Trump si è rivolto con un messaggio alla nazione dal giardino della Casa Bianca mentre, sullo sfondo, si sentivano gli scoppi degli scontri in corso all’esterno tra i dimostranti e le forze dell’ordine:  “Legge e ordine: se non lo garantiscono governatori e sindaci, ci penserò io mobilitando l’esercito federale. Dobbiamo garantire giustizia per l’uccisione di George Floyd, ma non possiamo lasciare il Paese in balia di una massa violenta. La sommossa deve finire. Queste non sono più proteste: questi sono atti di terrorismo. Sconfiggeremo i gruppi “antifa” che istigano alla violenza. L’America è basata sullo stato di diritto: è questa la chiave della nostra prosperità”. 

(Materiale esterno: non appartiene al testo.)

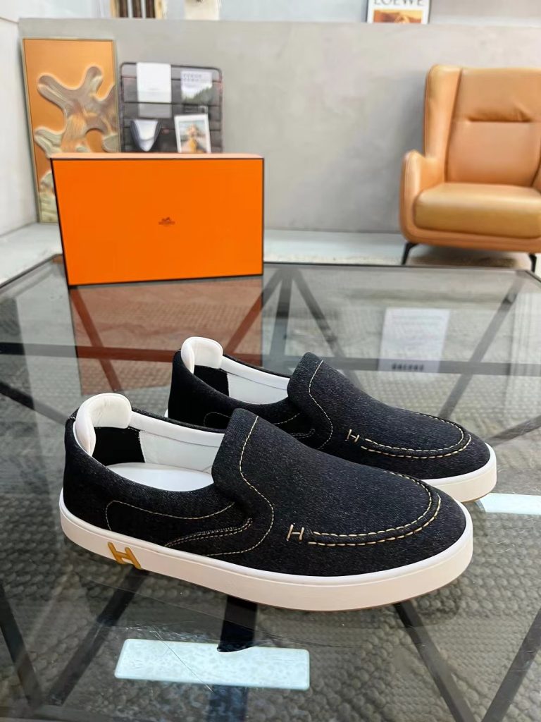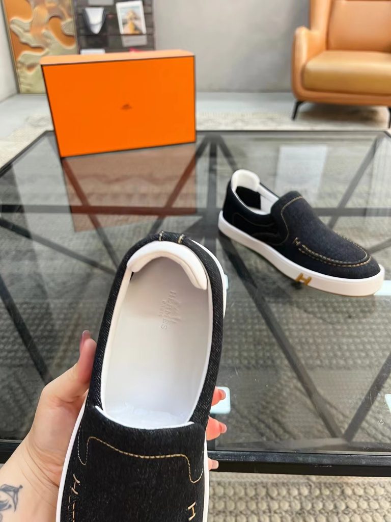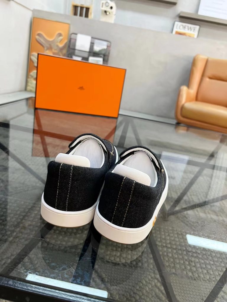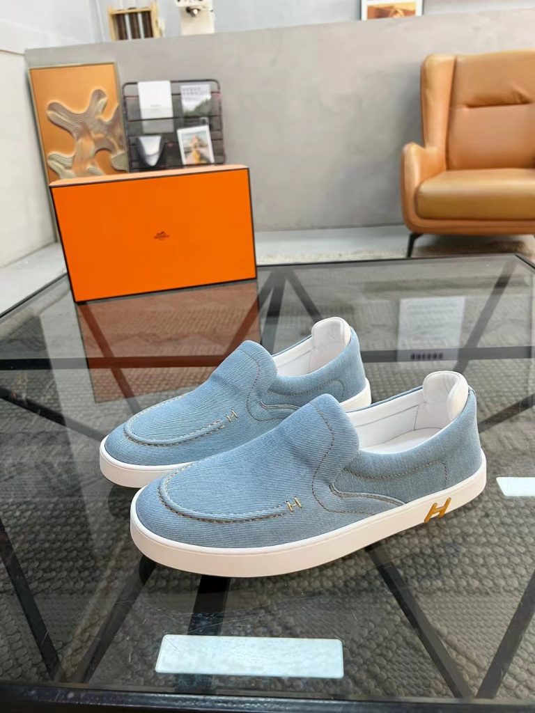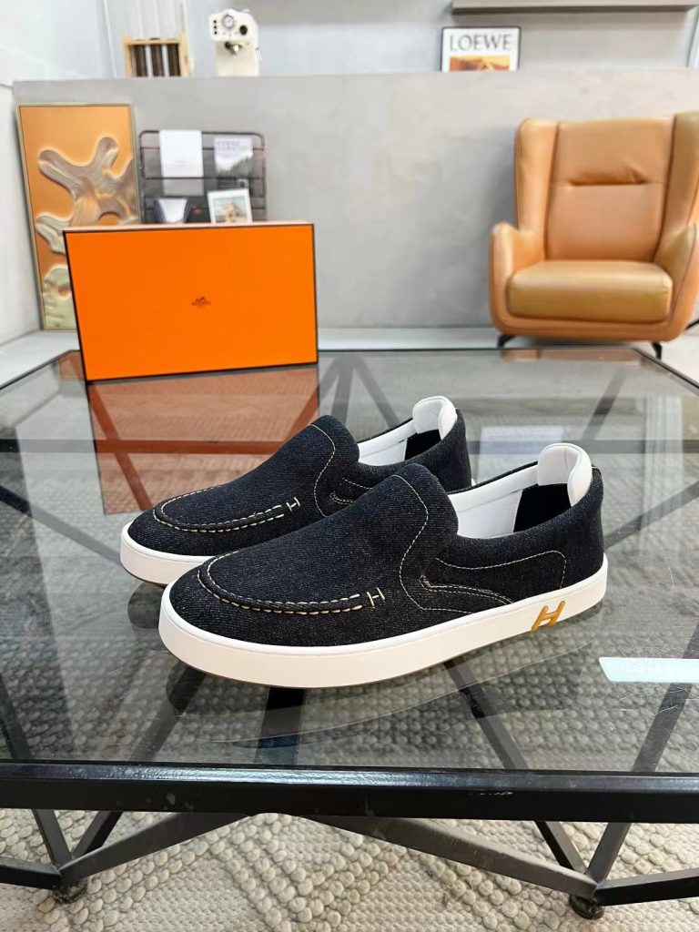 Hermes new fashion trend men’s denim deerskin casual shoes

A Trump, è arrivata una dura risposta da parte del capo della polizia di Houston (Texas). “Se non hai da dire niente di costruttivo, tieni la bocca chiusa”, ha detto Art Acevedo in un’intervista alla Cnn. Alla domanda della giornalista su cosa ha pensato ascoltando le parole di Trump, il poliziotto ha detto: “Lasciami dire una cosa al presidente: così metti a rischio la vita dei giovani, ragazzi poco più che 20enni”. E ha ripetuto: “If you don’t have something to say, keep your mouth shut”.